This Classic was originally written in French and I've found that the translation does make a difference. I have a paperback copy from Penguin, translated by John Sturrock and my first impression was that the writing was very poetic, but I got the free Kindle version from Gutenberg with a different translator because it's easier for me to read on Kindle and in this one, the first chapters felt overly wordy and dragged a little.


I persisted though. I've seen various film versions of this story and didn't recognise most of the names I was reading until we finally meet Quasimodo in chapter five, followed by Esmerelda, though Gringoire who falls foul of the Paris underworld does make an appearance in the old 1939 black and white Charles Laughton version. From Quasimodo's introduction the story digressed into the history of Notre Dame Cathedral.

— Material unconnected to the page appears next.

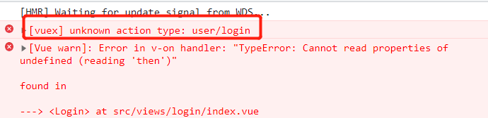 以上就是自然店员最近收集整理的关于报错:[vuex] unknown action type: user/login的全部内容,更多相关报错:[vuex]内容请搜索靠谱客的其他文章。

This one takes a little patience because there are many digressions. Life in fifteenth century Paris under Louis the XI, individual character histories and other commentaries on the times all come together to form a very thorough picture of the circumstances surrounding the familiar story line, but they do break continuity.

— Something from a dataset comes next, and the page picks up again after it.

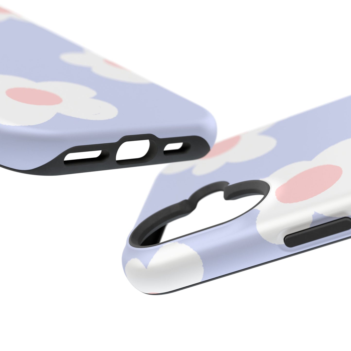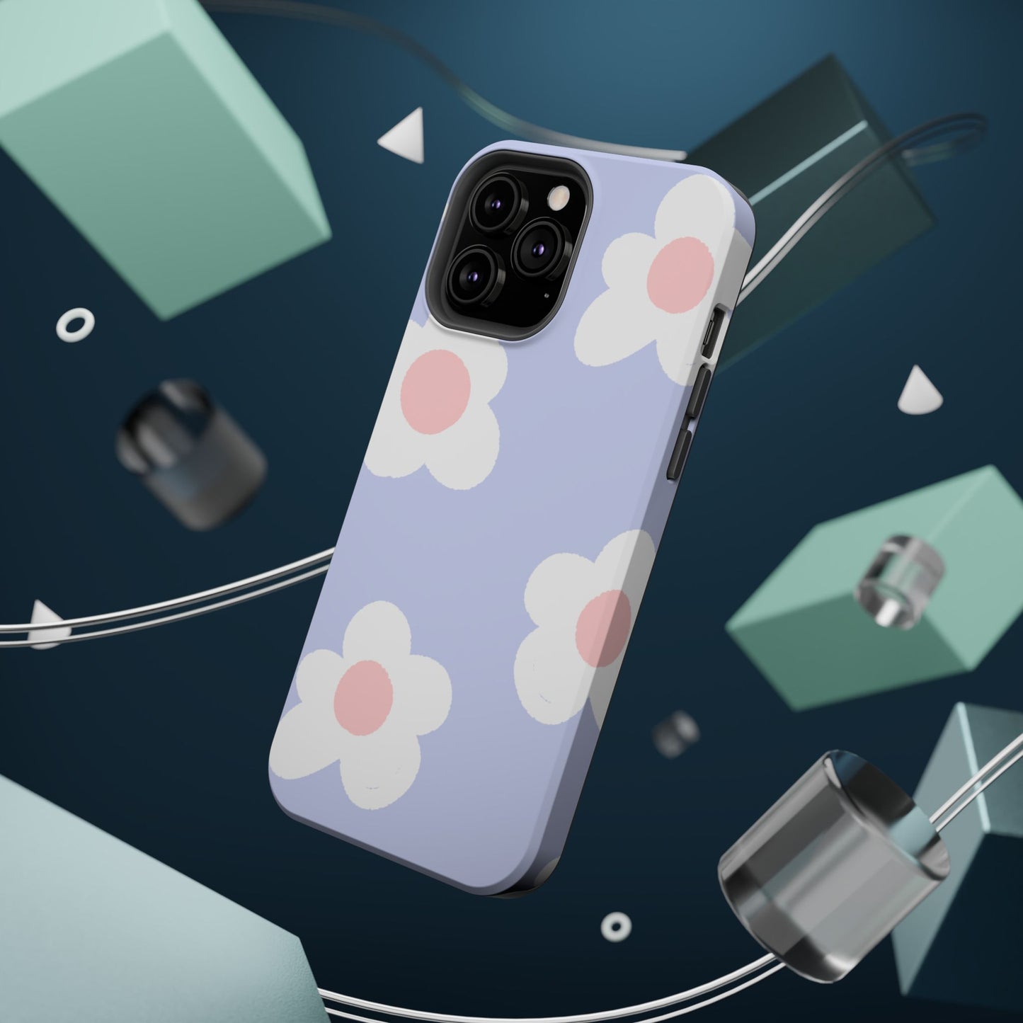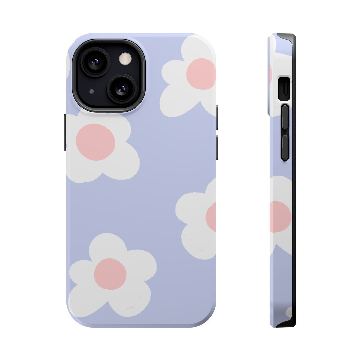 Add a playful retro vibe to your phone with our Retro Daisy Pastel Tough MagSafe iPhone Case. Featuring a charming pattern of hand-drawn white daisies with soft pink centers on a periwinkle blue background, this case evokes a sweet, nostalgic feel. Perfect for lovers of vintage-inspired design...

The extent to which Quasimodo's story intertwines with Esmerelda's was never fully expressed in the movies. I found the connections very interesting indeed! And Frollo was given a bit of undeserved bad press, especially by Disney. Movies require a villain and a priest immersed in austerity isn't a sympathetic character, but his reasons for adopting Quasimodo were based in charity, not obligation.


Quasimodo's back story is revealed in reverse, first showing us his experience with the Feast of Fools, then later revealing how he came to be ward of Frollo, and after that his origins and how he came into Frollo's path. Then later we move forward.


While the book would never get commercial publication in today's publishing market due to the extent of the digressions, the story is well told as a whole and the Classic enthusiast is likely to enjoy the fullness of the description and depiction of the time and place and how it shapes the events of the plot. I'm glad to have read it now and will look on film repeats with a more detailed knowledge of the whole of the story.


A worthwhile Classic, for those who have the patience to assimilate a fair bit of history between story events.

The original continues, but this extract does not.